**TASK:**
Print the listing below again, exactly. Skip the pictures.

**SOURCE DATA:**

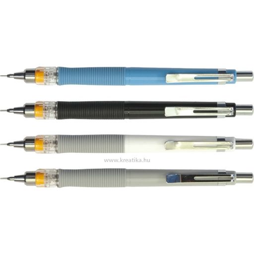 Műanyag ceruzatest, nyomógombos szerkezettel. Bordázott, ergonomikus fogórész, beépített radír. Fém klip és csúcs, illetve nyomógomb. A csúcs x található szerkezetnek köszönhetően, állítható a hegyadagoló által kinyomott ceruzabetét hossza. Folyamatos hegyadagolás.
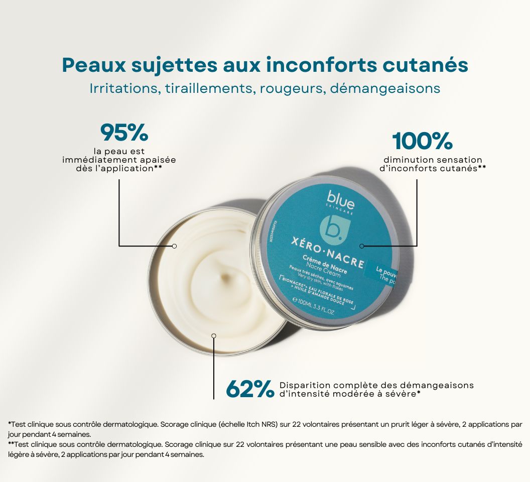 The Nacre Cream, inspired by the ancestral Galen's Cerate formula, nourishes, protects, and soothes itching sensations. Roughness, flakiness, and redness are visibly reduced, leaving the skin smooth, supple, and soft. Fragrance-free.
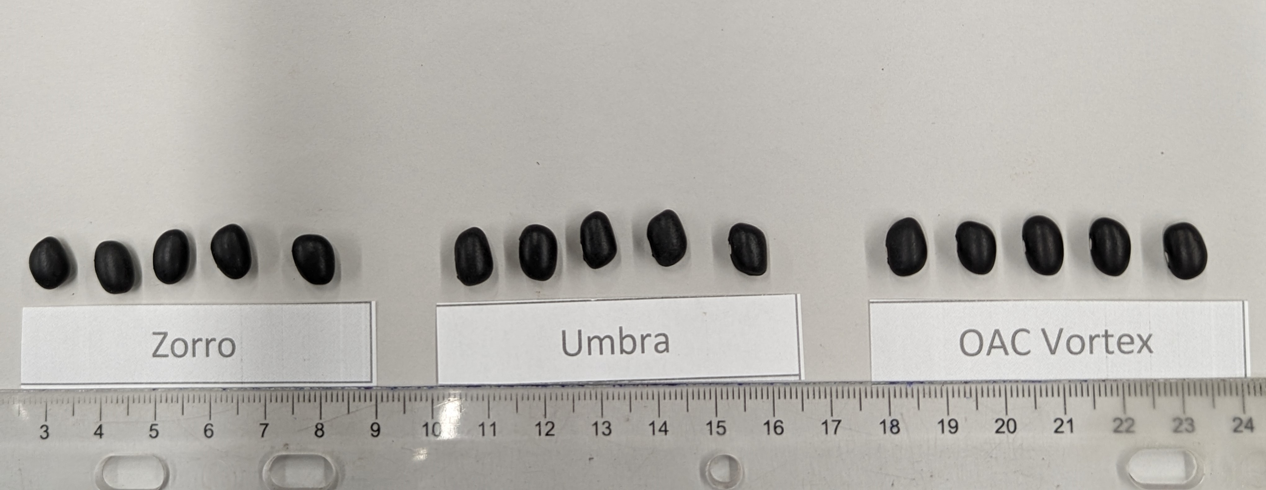 Bean: Umbra' (centre) with reference varieties Zorro' (left) and OAC Vortex' (right)
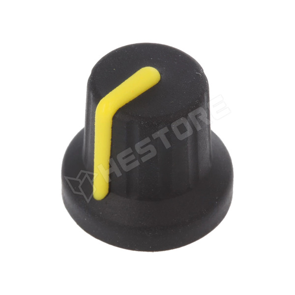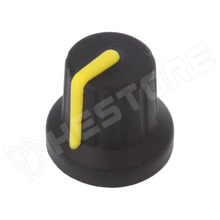 Potenciométer gomb, gumi, műanyag, Ø6mm fogazott tengelyre, Ø16x15.1mm, fekete, sárga jelzéssel

**TASK SOLUTION:**
 Műanyag ceruzatest, nyomógombos szerkezettel. Bordázott, ergonomikus fogórész, beépített radír. Fém klip és csúcs, illetve nyomógomb. A csúcs x található szerkezetnek köszönhetően, állítható a hegyadagoló által kinyomott ceruzabetét hossza. Folyamatos hegyadagolás.
 The Nacre Cream, inspired by the ancestral Galen's Cerate formula, nourishes, protects, and soothes itching sensations. Roughness, flakiness, and redness are visibly reduced, leaving the skin smooth, supple, and soft. Fragrance-free.
 Bean: Umbra' (centre) with reference varieties Zorro' (left) and OAC Vortex' (right)
 Potenciométer gomb, gumi, műanyag, Ø6mm fogazott tengelyre, Ø16x15.1mm, fekete, sárga jelzéssel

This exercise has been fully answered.